> **YOUR TASK**: Line by line, set down all the data below exactly, omitting any picture.

> **LISTED ENTRIES**:
-- Opening Marker --
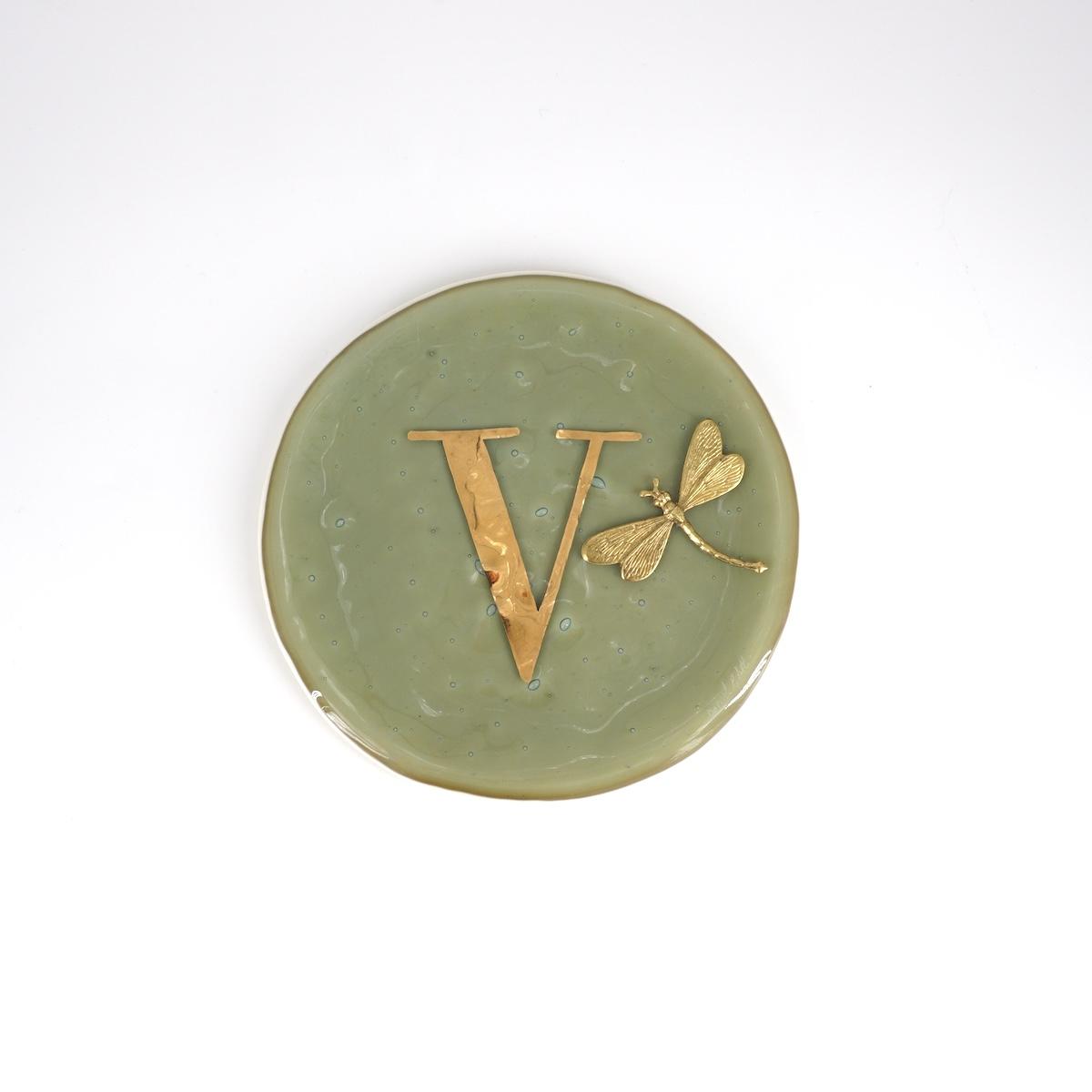 Eleganza e personalità in un piattino di vetro di Murano. Con l'iniziale in oro e l'applique in ottone, questi piattini sono un vero e proprio gioiello artigianale.
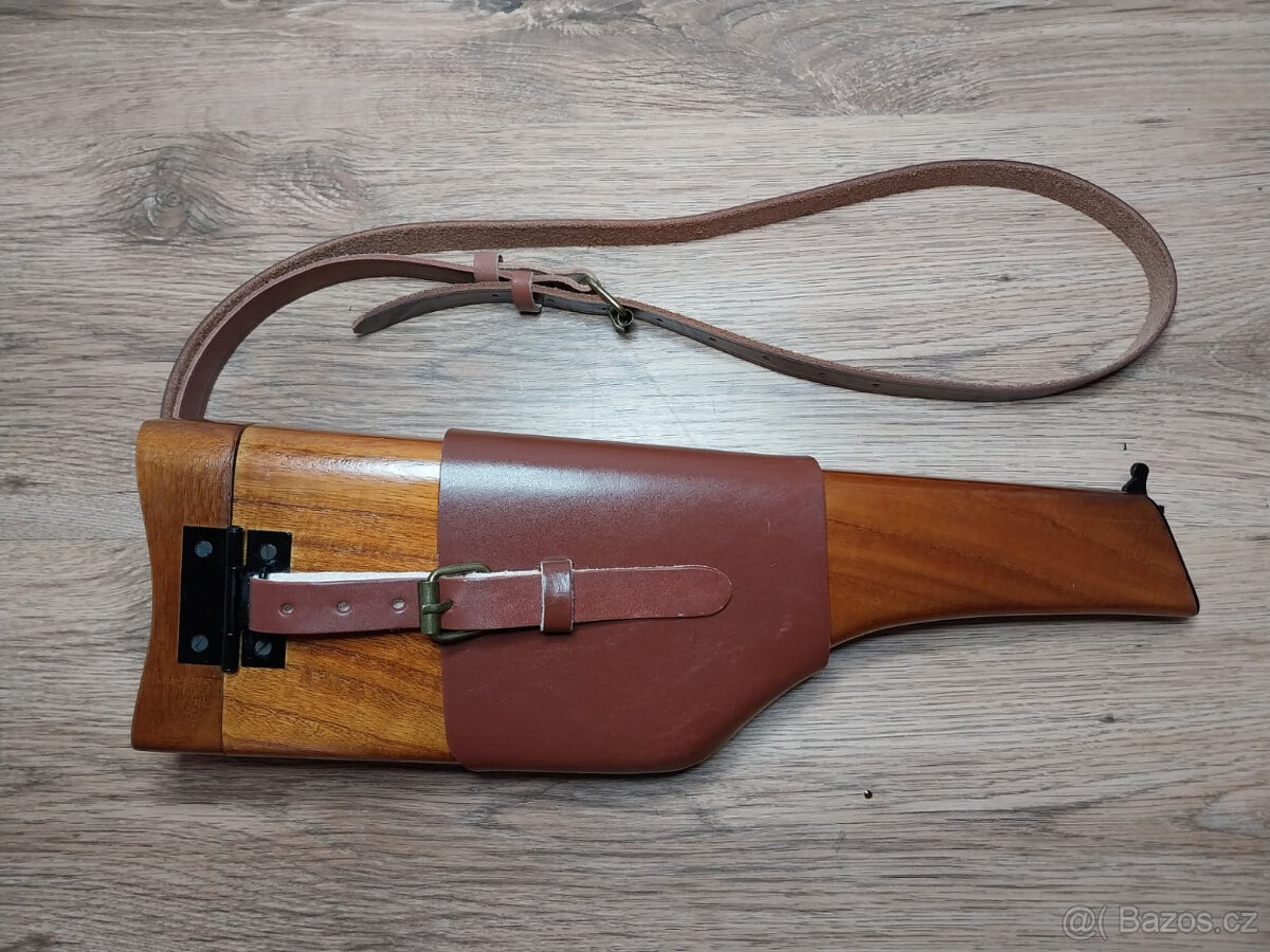 Prodám velmi zdařilou a zcela funkční repliku/pažbu na Mauser C96. Kombinace dřevo a pravá kůže.
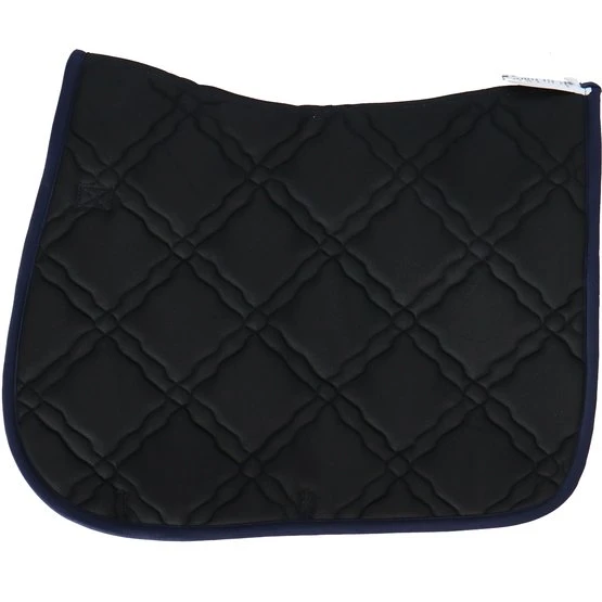 Die Schabracke „Bologna“ hat eine luxuriöse Ausstrahlung und besteht aus 100% Polyester mit einer anatomischen Passform. Durch das Material wird Feuchtigkeit schnell aufgenommen. An den Schlaufen befinden sich Klettverschlüsse, die vor einem Waschgang geschlossen werden sollten.
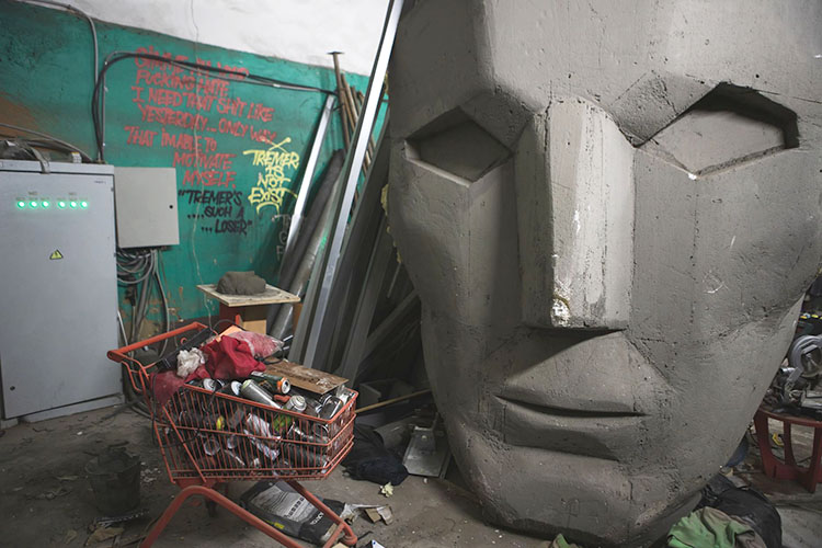 Но для нас это настоящая тайная комната с подрамниками, холстами, скульптурами и огромной бетонной головой.
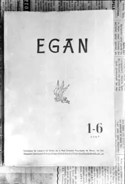 As some pre-war Basque cultural institutions were getting re-established in the Francoist Spain, Arrúe was increasingly engaged in their activities. In 1953 he assumed co-directorship[100] of Egan,[101] a review issued by Real Academia Vascongada de Amigos del País. It is in Egan that in 1954 he started to publish[102] a regular column[103] dedicated to cuisine[104] and maintained for over 20 years.[105] The same year he commemorated fellow Carlist vascologist Julio Urquijo Ibarra by facilitating foundation of a Basque philology institute bearing his name.[106] When Euskaltzaindia, the Basque language academy, managed to regain its precarious legal standing in the early 1950s, Arrúe neared the institution, to join it formally in 1954.[107] As a lawyer and a politician he was instrumental in organizing its first congress in Aránzazu in 1956,[108] overcoming a number of legal, administrative and political obstacles.[109] He also presided over many of its sessions[110] and was key to engineering the follow-up, vital to the re-launching of Euskaltzaindia after the Civil War.[111]
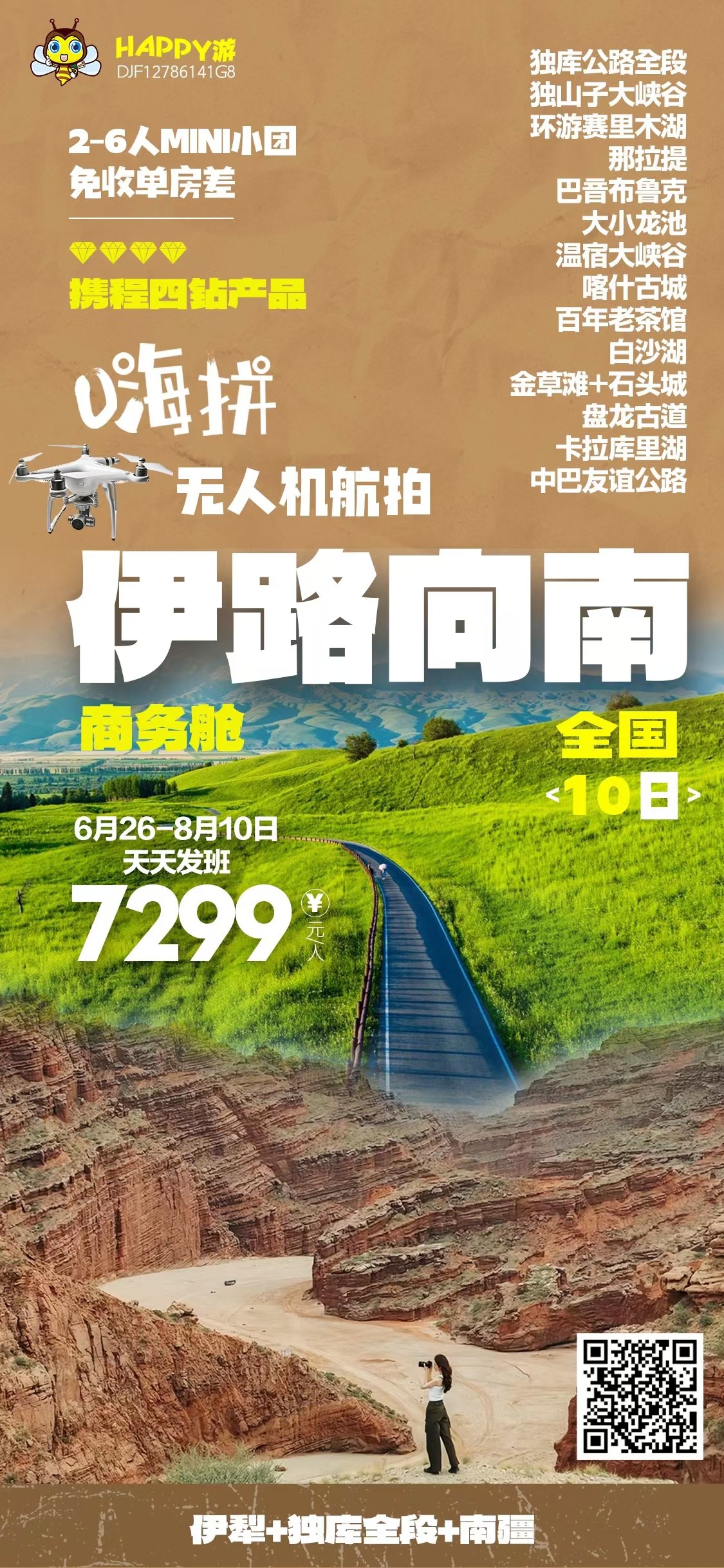 配备无人机: 定点航拍 (最少三段视频, 新疆专属回忆)
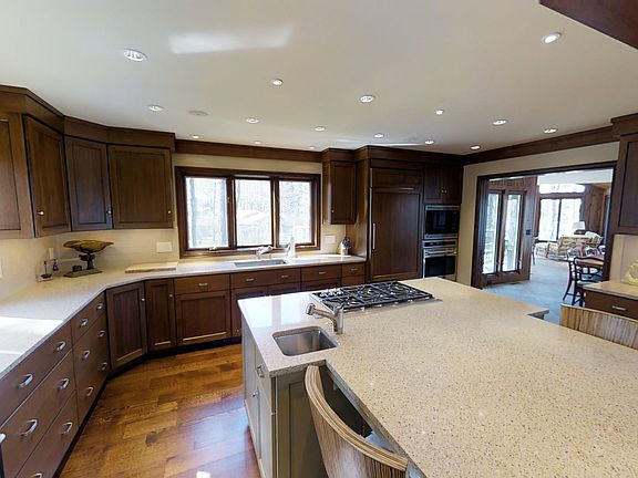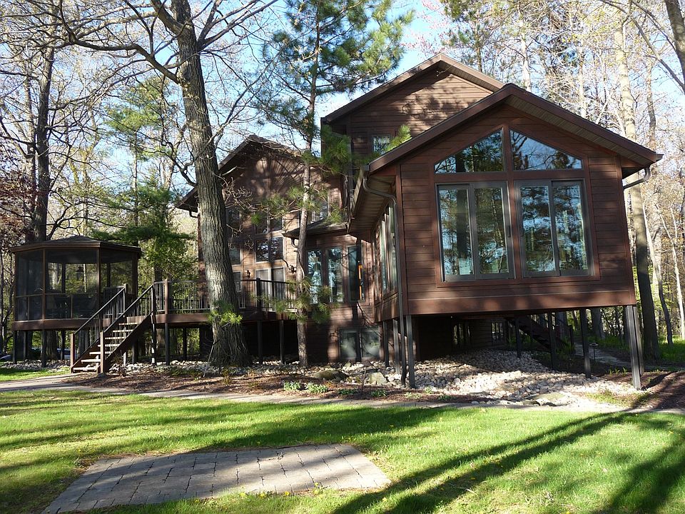 Ultimate lakeside relaxation awaits in this beautiful Chain O' Lakes home. From the moment you enter this 5 bedroom, 6 bath home, you will be impressed with the fine detail and high quality finishes. Sitting along 90 feet of sand frontage on Round lake, this is the perfect Chain O' Lakes location to catch the sunset with family and friends. The 2 story great room creates a bright, airy, open living space and boasts a beautiful stone fireplace, built in quality wood cabinets and shelving, and a wall of windows to the lake. The gourmet kitchen has built in Wolf appliances, 2 dishwashers, double ovens, walk-in pantry, Quartz countertops and a huge island for casual kitchen seating. Right off the kitchen is the formal dining room that opens to the sun room with custom Oak walls and Radiant in-floor heating. The expansive deck allows for the perfect outdoor entertainment area with a screened in gazebo. The main floor also has a comfortable sitting room that could be used as a den or office, in addition to a full bathroom with jet tub, and wonderful master bedroom featuring a bay window, huge closet with built-in organizational shelving, and large master bathroom with custom walk-in tile showers. The upper level has 3 additional bedrooms each with an ensuite full bathroom all with walk-in tile showers and great closet space. The lower level has a large family room area with stone fireplace, an additional bedroom, full bathroom, laundry room, and great storage space. In addition you will find beautiful hardwood floors throughout, a side deck, and an attached 2 car garage. Call Joe Udoni to set up a showing of this Round lake home today at 715-281-8807.
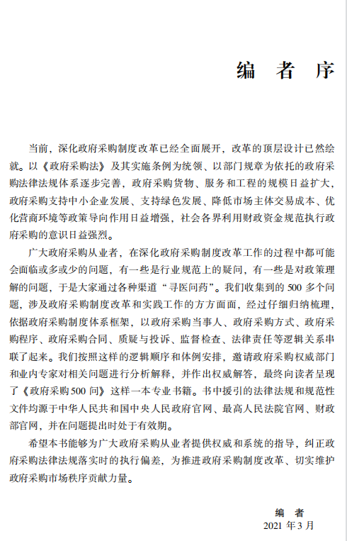 本书由中国政府采购杂志社主编。汇集了广大政府采购从业者在深化政府采购制度改革和从事实践工作过程中遇到的方方面面的问题,根据政府采购制度体系框架,将这些问题以政府采购当事人、政府采购方式、政府采购程序、政府采购合同、质疑与投诉、监督检查、法律责任等逻辑关系串联起来,并邀请政府采购权威部门和业内专家进行分析解释,作出权威解答,希望可以为广大政府采购从业者提供权威、系统的指导。
-- Closing Marker --
> **FINISHED EXERCISE**:
 Eleganza e personalità in un piattino di vetro di Murano. Con l'iniziale in oro e l'applique in ottone, questi piattini sono un vero e proprio gioiello artigianale.
 Prodám velmi zdařilou a zcela funkční repliku/pažbu na Mauser C96. Kombinace dřevo a pravá kůže.
 Die Schabracke „Bologna“ hat eine luxuriöse Ausstrahlung und besteht aus 100% Polyester mit einer anatomischen Passform. Durch das Material wird Feuchtigkeit schnell aufgenommen. An den Schlaufen befinden sich Klettverschlüsse, die vor einem Waschgang geschlossen werden sollten.
 Но для нас это настоящая тайная комната с подрамниками, холстами, скульптурами и огромной бетонной головой.
 As some pre-war Basque cultural institutions were getting re-established in the Francoist Spain, Arrúe was increasingly engaged in their activities. In 1953 he assumed co-directorship[100] of Egan,[101] a review issued by Real Academia Vascongada de Amigos del País. It is in Egan that in 1954 he started to publish[102] a regular column[103] dedicated to cuisine[104] and maintained for over 20 years.[105] The same year he commemorated fellow Carlist vascologist Julio Urquijo Ibarra by facilitating foundation of a Basque philology institute bearing his name.[106] When Euskaltzaindia, the Basque language academy, managed to regain its precarious legal standing in the early 1950s, Arrúe neared the institution, to join it formally in 1954.[107] As a lawyer and a politician he was instrumental in organizing its first congress in Aránzazu in 1956,[108] overcoming a number of legal, administrative and political obstacles.[109] He also presided over many of its sessions[110] and was key to engineering the follow-up, vital to the re-launching of Euskaltzaindia after the Civil War.[111]
 配备无人机: 定点航拍 (最少三段视频, 新疆专属回忆)
 Ultimate lakeside relaxation awaits in this beautiful Chain O' Lakes home. From the moment you enter this 5 bedroom, 6 bath home, you will be impressed with the fine detail and high quality finishes. Sitting along 90 feet of sand frontage on Round lake, this is the perfect Chain O' Lakes location to catch the sunset with family and friends. The 2 story great room creates a bright, airy, open living space and boasts a beautiful stone fireplace, built in quality wood cabinets and shelving, and a wall of windows to the lake. The gourmet kitchen has built in Wolf appliances, 2 dishwashers, double ovens, walk-in pantry, Quartz countertops and a huge island for casual kitchen seating. Right off the kitchen is the formal dining room that opens to the sun room with custom Oak walls and Radiant in-floor heating. The expansive deck allows for the perfect outdoor entertainment area with a screened in gazebo. The main floor also has a comfortable sitting room that could be used as a den or office, in addition to a full bathroom with jet tub, and wonderful master bedroom featuring a bay window, huge closet with built-in organizational shelving, and large master bathroom with custom walk-in tile showers. The upper level has 3 additional bedrooms each with an ensuite full bathroom all with walk-in tile showers and great closet space. The lower level has a large family room area with stone fireplace, an additional bedroom, full bathroom, laundry room, and great storage space. In addition you will find beautiful hardwood floors throughout, a side deck, and an attached 2 car garage. Call Joe Udoni to set up a showing of this Round lake home today at 715-281-8807.
 本书由中国政府采购杂志社主编。汇集了广大政府采购从业者在深化政府采购制度改革和从事实践工作过程中遇到的方方面面的问题,根据政府采购制度体系框架,将这些问题以政府采购当事人、政府采购方式、政府采购程序、政府采购合同、质疑与投诉、监督检查、法律责任等逻辑关系串联起来,并邀请政府采购权威部门和业内专家进行分析解释,作出权威解答,希望可以为广大政府采购从业者提供权威、系统的指导。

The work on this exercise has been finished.